Previous research has shown a higher prevalence of ADRD among transgender adults compared with cisgender adults;10, 11, 12 however, findings often have not been disaggregated by transgender subgroups, leaving gaps in knowledge about subgroup‐specific burden of this condition. For example, we have a limited understanding of ADRD among transfeminine (TF) adults (individuals who identify as women or within the feminine gender spectrum and were assigned male at birth). Beyond two studies—one reporting increased odds of ADRD among TF adults compared to CM,13 and another showing a higher predicted probability of ADRD among TF Medicare beneficiaries compared to both CM and CW beneficiaries14—little is known about ADRD among TF adults using gender‐affirming hormone therapy (GAHT) or TF adults from minoritized ethnoracial groups.

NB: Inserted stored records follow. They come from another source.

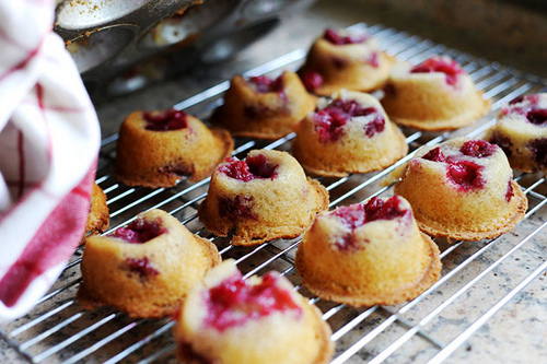 Pour 1/4 cup batter into greased muffin tins. Sprinkle a few raspberries on top.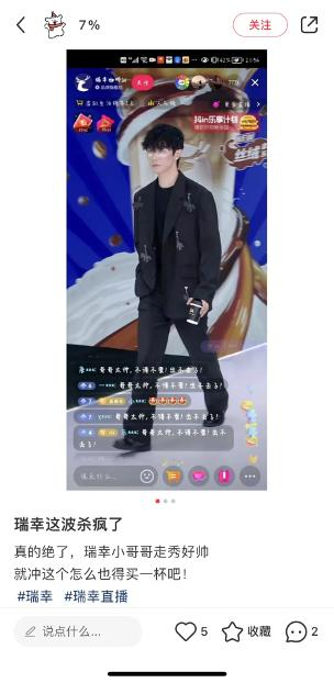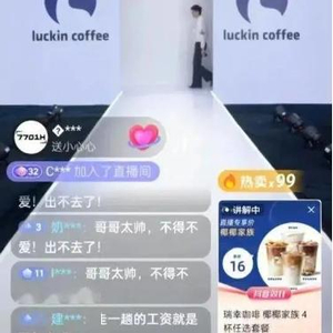 此前,瑞幸在抖音的直播间,一改往日主播直播风格,取而代之的是一大波身材高大、颜值在线的男模。直播画面显示,男模们整体服装以黑白灰为主,脸颊上印着瑞幸的 LOGO ,人手拿着一杯咖啡。不同造型的模特对应不同单品以及不同的说辞。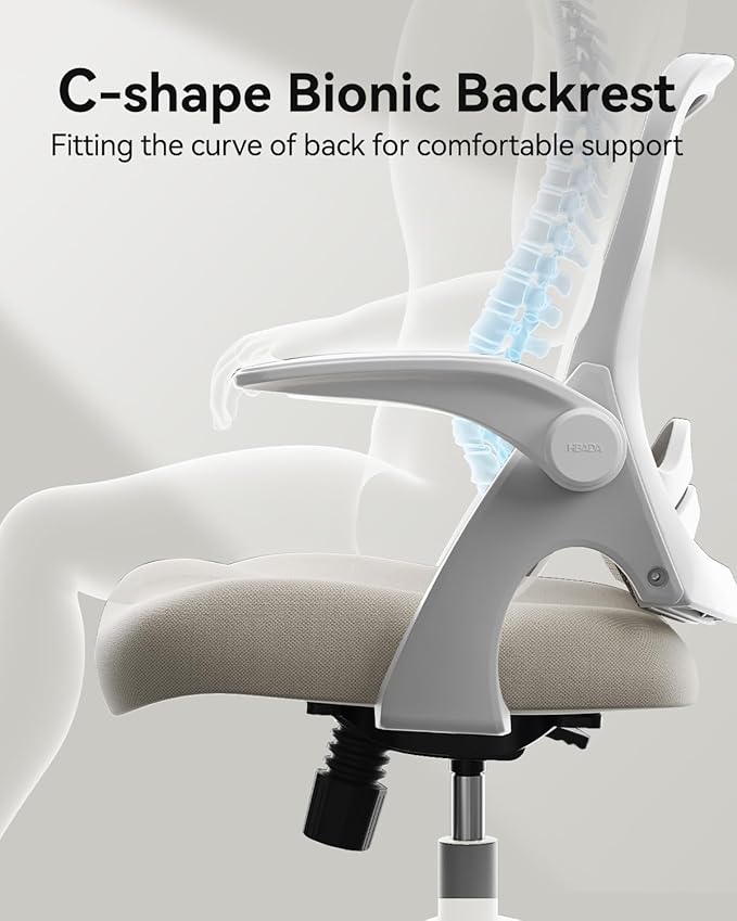 Hbada Office Chair, Desk Chair with Flip-Up Armrests and Saddle Cushion, Ergonomic Office Chair with S-Shaped Backrest, Swivel, Mesh, for Home and Office, Beige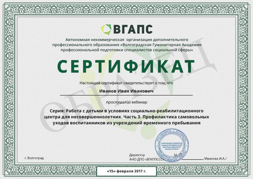 Дополнительно наши Слушатели могут получить сертификат за просмотр вебинаров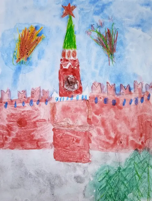 На рисунке изображён символ нашей страны - Московский Кремль. Это одна из главных достопримечательностей столицы и всей России. Здесь всегда гуляют прохожие, приезжает много туристов.

To address this knowledge gap, the present study used Kaiser Permanente (KP) electronic health record (EHR) data from the Study of Transition, Outcomes, and Gender (STRONG),15 to compare ADRD prevalence among TF adults and demographically similar CM and CW referents. We examined ADRD prevalence among the full TF STRONG cohort (defined as members aged 65 or older at end of follow‐up or enrollment) and in two subsets of the TF cohort: (1) TF cohort members with evidence of GAHT receipt and (2) TF adults from minoritized ethnoracial groups. Each TF subset was compared to their respective matched cisgender reference groups. We hypothesized that TF cohort members overall, and particularly those from minoritized ethnoracial groups, will have a higher ADRD prevalence compared to their cisgender referents. Additionally, because exogenous estrogen therapy has shown neuroprotective effects in postmenopausal CW,16 explored the relationship of GAHT use with ADRD prevalence among TF cohort members.
METHODS
2
Study design
2.1
Using a subset of data from STRONG,15 an ongoing longitudinal EHR‐based cohort of transgender people and their age‐, race‐, and region‐matched cisgender referents enrolled in KP integrated healthcare plans, this study compared ADRD prevalence among TF adults and their CM and CW referents. As previously described,15 transgender status of STRONG participants was confirmed by an iterative process that relied on diagnostic codes and review of free‐text clinical notes. Cohort members were further classified as TF based on relevant specific keywords in free‐text clinical notes. The cisgender cohorts were created by matching up to 10 CM and 10 CW enrollees with each TF person, without replacement, on year of birth (within a 5‐year interval), race/ethnicity, KP site, and KP membership at index date. Index date represents the first evidence of transgender status documented in the EHR for the TF cohort member and the same date was assigned to their matched CM and CW cohort members. The algorithms used to ascertain the STRONG cohort and categorize transgender members as TF were found to be accurate.17 A cluster ID for each matched group (one TF member and up to 10 CM and 10 CW) was assigned to allow for stratified analyses, for example, by GAHT use, or age at index date.
RESEARCH IN CONTEXT
- Systematic review: A systematic review was conducted using PubMed to identify recent studies examining Alzheimer's disease and related dementias (ADRD) among transfeminine adults. Only two prior studies—using Medicare data and data from the All of Us Research Program—have examined ADRD among transfeminine adults, with mixed findings and limited subgroup analyses.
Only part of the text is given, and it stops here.